▶ INFORMATION SHOWN:

::::

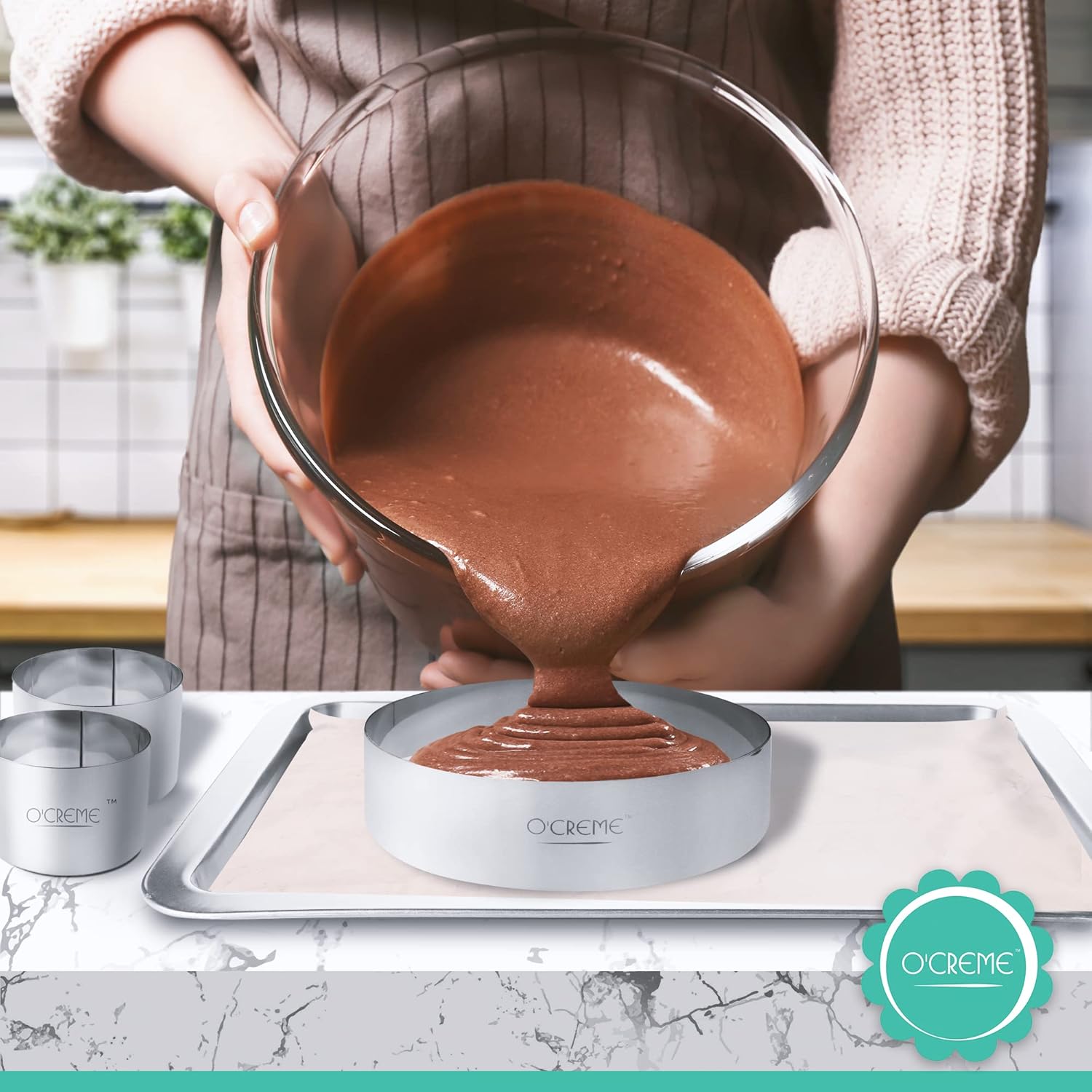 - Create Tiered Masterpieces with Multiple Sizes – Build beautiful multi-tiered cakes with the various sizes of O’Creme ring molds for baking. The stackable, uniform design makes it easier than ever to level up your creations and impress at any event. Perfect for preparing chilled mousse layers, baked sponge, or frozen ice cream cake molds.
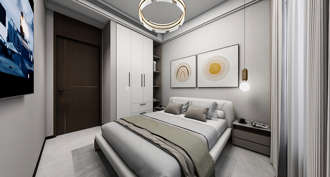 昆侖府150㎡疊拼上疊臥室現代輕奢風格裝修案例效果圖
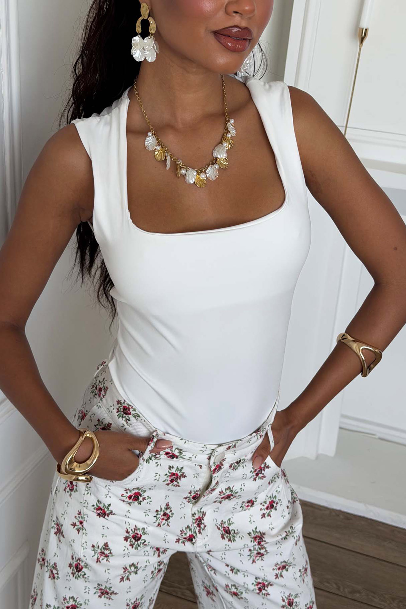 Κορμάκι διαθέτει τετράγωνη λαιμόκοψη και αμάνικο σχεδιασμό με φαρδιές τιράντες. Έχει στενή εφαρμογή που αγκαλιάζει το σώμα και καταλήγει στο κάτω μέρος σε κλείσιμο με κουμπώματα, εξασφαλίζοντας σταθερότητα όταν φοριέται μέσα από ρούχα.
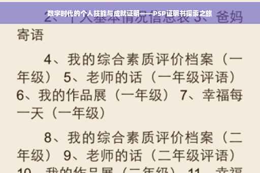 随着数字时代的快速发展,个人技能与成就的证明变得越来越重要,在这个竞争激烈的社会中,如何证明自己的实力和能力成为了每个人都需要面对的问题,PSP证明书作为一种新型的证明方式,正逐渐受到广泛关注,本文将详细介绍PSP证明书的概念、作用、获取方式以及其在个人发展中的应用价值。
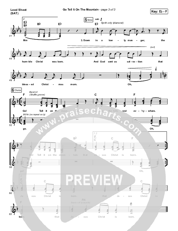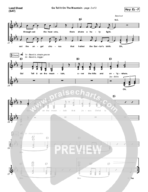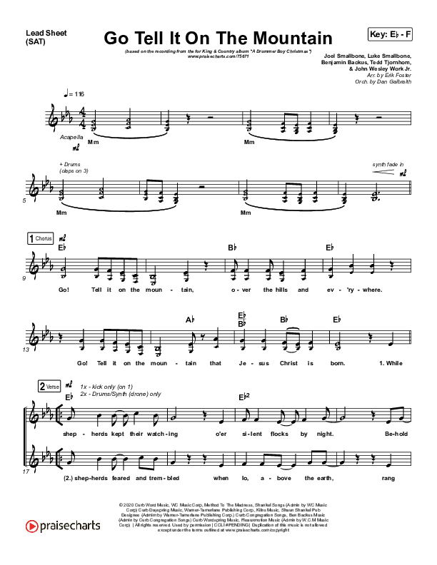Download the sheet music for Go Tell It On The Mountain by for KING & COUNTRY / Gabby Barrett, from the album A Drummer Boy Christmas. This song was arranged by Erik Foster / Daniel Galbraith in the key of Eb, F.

::::

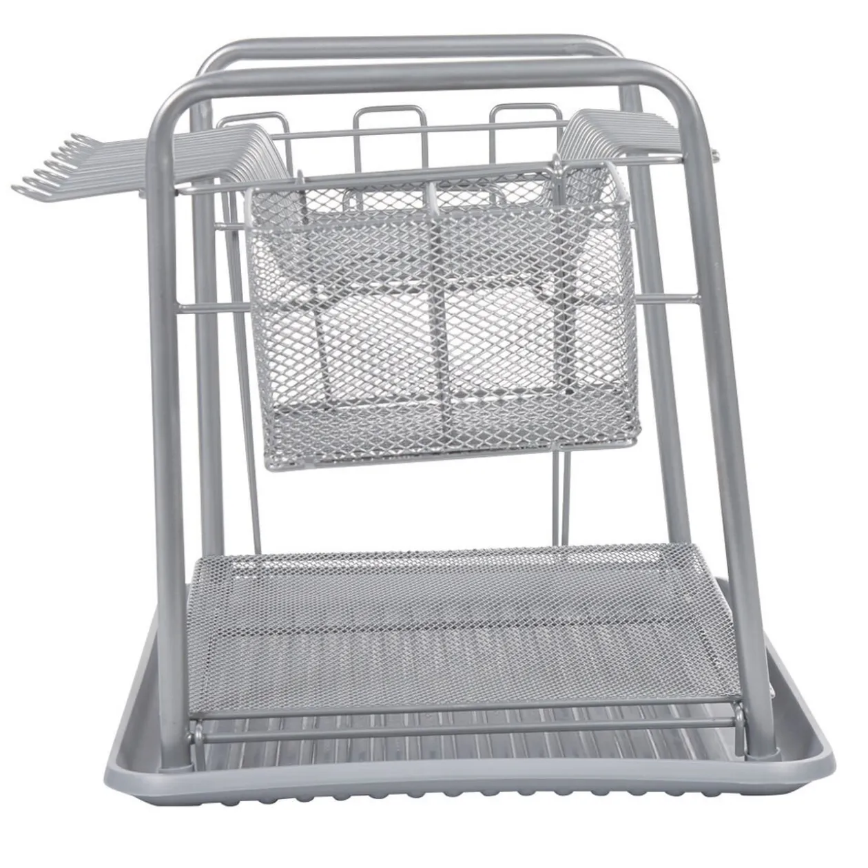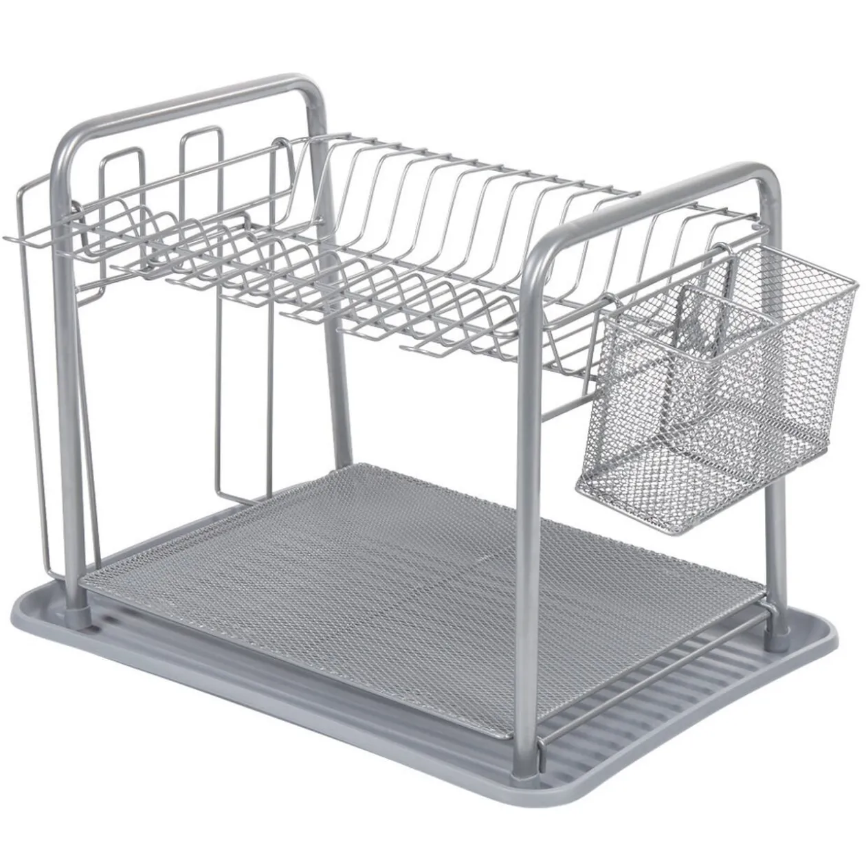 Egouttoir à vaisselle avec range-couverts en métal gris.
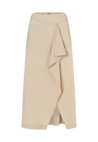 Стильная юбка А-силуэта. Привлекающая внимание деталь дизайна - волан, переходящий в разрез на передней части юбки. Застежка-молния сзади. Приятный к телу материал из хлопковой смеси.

::::

▶ WHAT YOU ARE ASKED TO DO: Reproduce the lines above starting at the one with "- Create Tiered" and ending at the one with "Download the sheet", both included, exactly and with no pictures.

▶ PROBLEM SOLUTION:
 - Create Tiered Masterpieces with Multiple Sizes – Build beautiful multi-tiered cakes with the various sizes of O’Creme ring molds for baking. The stackable, uniform design makes it easier than ever to level up your creations and impress at any event. Perfect for preparing chilled mousse layers, baked sponge, or frozen ice cream cake molds.
 昆侖府150㎡疊拼上疊臥室現代輕奢風格裝修案例效果圖
 Κορμάκι διαθέτει τετράγωνη λαιμόκοψη και αμάνικο σχεδιασμό με φαρδιές τιράντες. Έχει στενή εφαρμογή που αγκαλιάζει το σώμα και καταλήγει στο κάτω μέρος σε κλείσιμο με κουμπώματα, εξασφαλίζοντας σταθερότητα όταν φοριέται μέσα από ρούχα.
 随着数字时代的快速发展,个人技能与成就的证明变得越来越重要,在这个竞争激烈的社会中,如何证明自己的实力和能力成为了每个人都需要面对的问题,PSP证明书作为一种新型的证明方式,正逐渐受到广泛关注,本文将详细介绍PSP证明书的概念、作用、获取方式以及其在个人发展中的应用价值。
Download the sheet music for Go Tell It On The Mountain by for KING & COUNTRY / Gabby Barrett, from the album A Drummer Boy Christmas. This song was arranged by Erik Foster / Daniel Galbraith in the key of Eb, F.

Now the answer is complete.